DistributionLoss
DistributionLoss copied to clipboard
First activation function without quantization?
Hi Ruizhou,
Thanks for sharing your code!
While going through your code, I found you used LeakyReLU for the first activation function and didn't quantize its output. Therefore it seems the second convolution layer takes full precision input instead of binary input. Previous works (i.e. XNOR-Net, DoReFa-Net) quantize the first activation as well.

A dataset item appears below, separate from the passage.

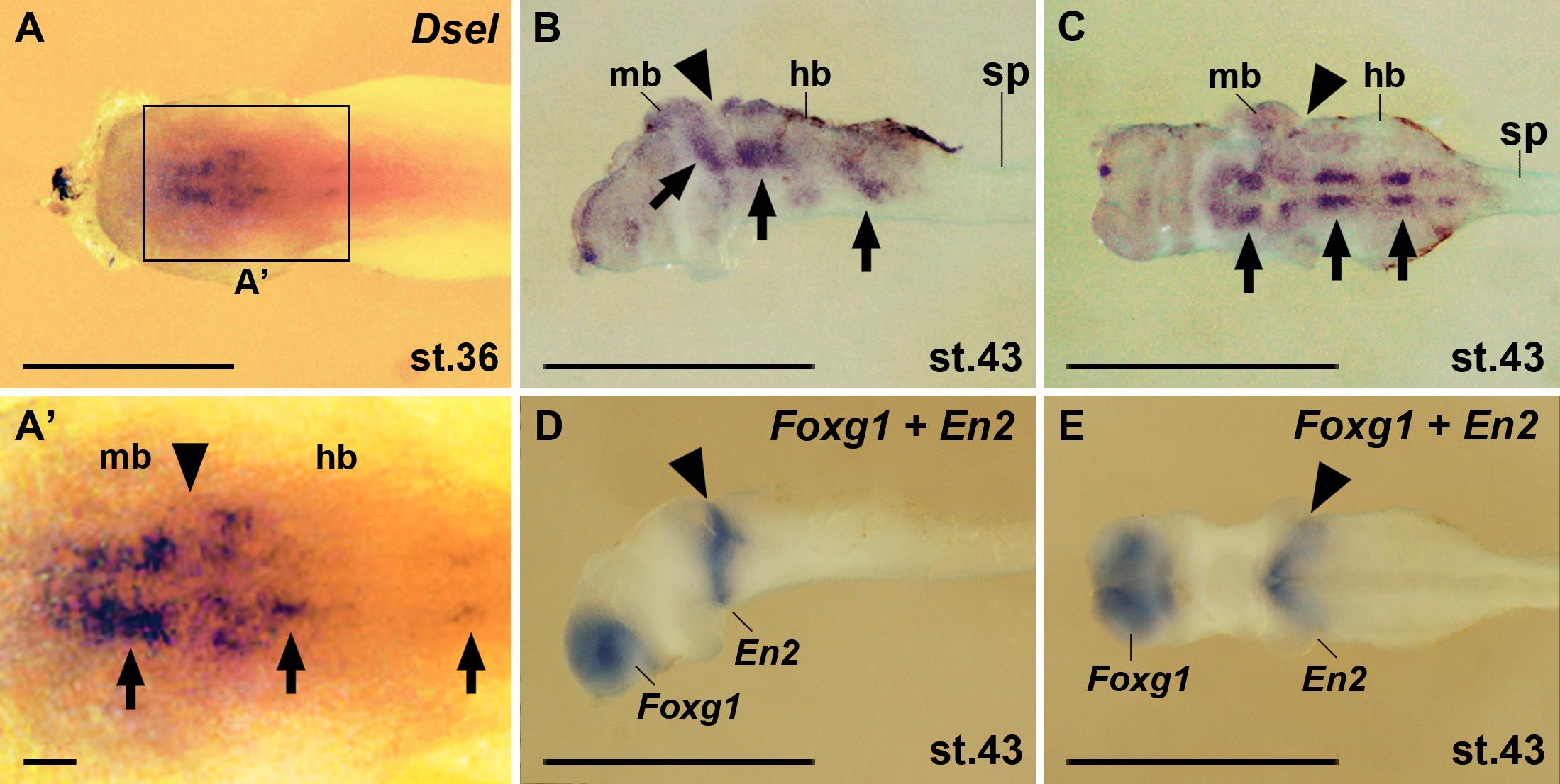 Specimen after whole-mount in situ hybridization are shown in dorsal view (A,Aâ), lateral view (B,D) and ventral view (C,E). (A,Aâ) Embryo at stage 36. Arrows label distinct Dsel expression domains in the midbrain and hindbrain. The arrowhead labels the position of the midbrain-hindbrain boundary. (B-E) Isolated central nervous system from stage 43 embryos after removing of surrounding tissues. Dsel mRNA accumulates in bilateral domains in the brainstem (arrows). Expression of Foxg1 demarcates the forebrain and En2 the midbrain-hindbrain isthmus (arrowhead). hb, hindbrain; mb, midbrain; sp, spinal cord. Scale bars are 1 mm (A-E) and 100 μm (Aâ).

Have you tried to quantize the first activation layer too?
Hi Hyungjun,
Thanks for pointing this out. I just tried changing the first layer to:
self.features0 = nn.Sequential(
nn.Conv2d(self.channels[0], self.channels[1], kernel_size=11, stride=4, padding=2),
nn.MaxPool2d(kernel_size=3, stride=2),
nn.LeakyReLU(inplace=True),
nn.BatchNorm2d(self.channels[1]),
)
self.features1 = nn.Sequential(
self.activation_func(),
BinarizeConv2d(self.channels[1], self.channels[2], kernel_size=5, padding=2),
nn.MaxPool2d(kernel_size=3, stride=2),
nn.BatchNorm2d(self.channels[2]),
)
and inserting a distribution loss layer between self.feature0 and self.feature1 (right before the self.activation_func() in self.feature1). Without changing the hyper-parameters, I can get 47.2% top-1 accuracy.
Thanks, Ruizhou
Thanks a lot!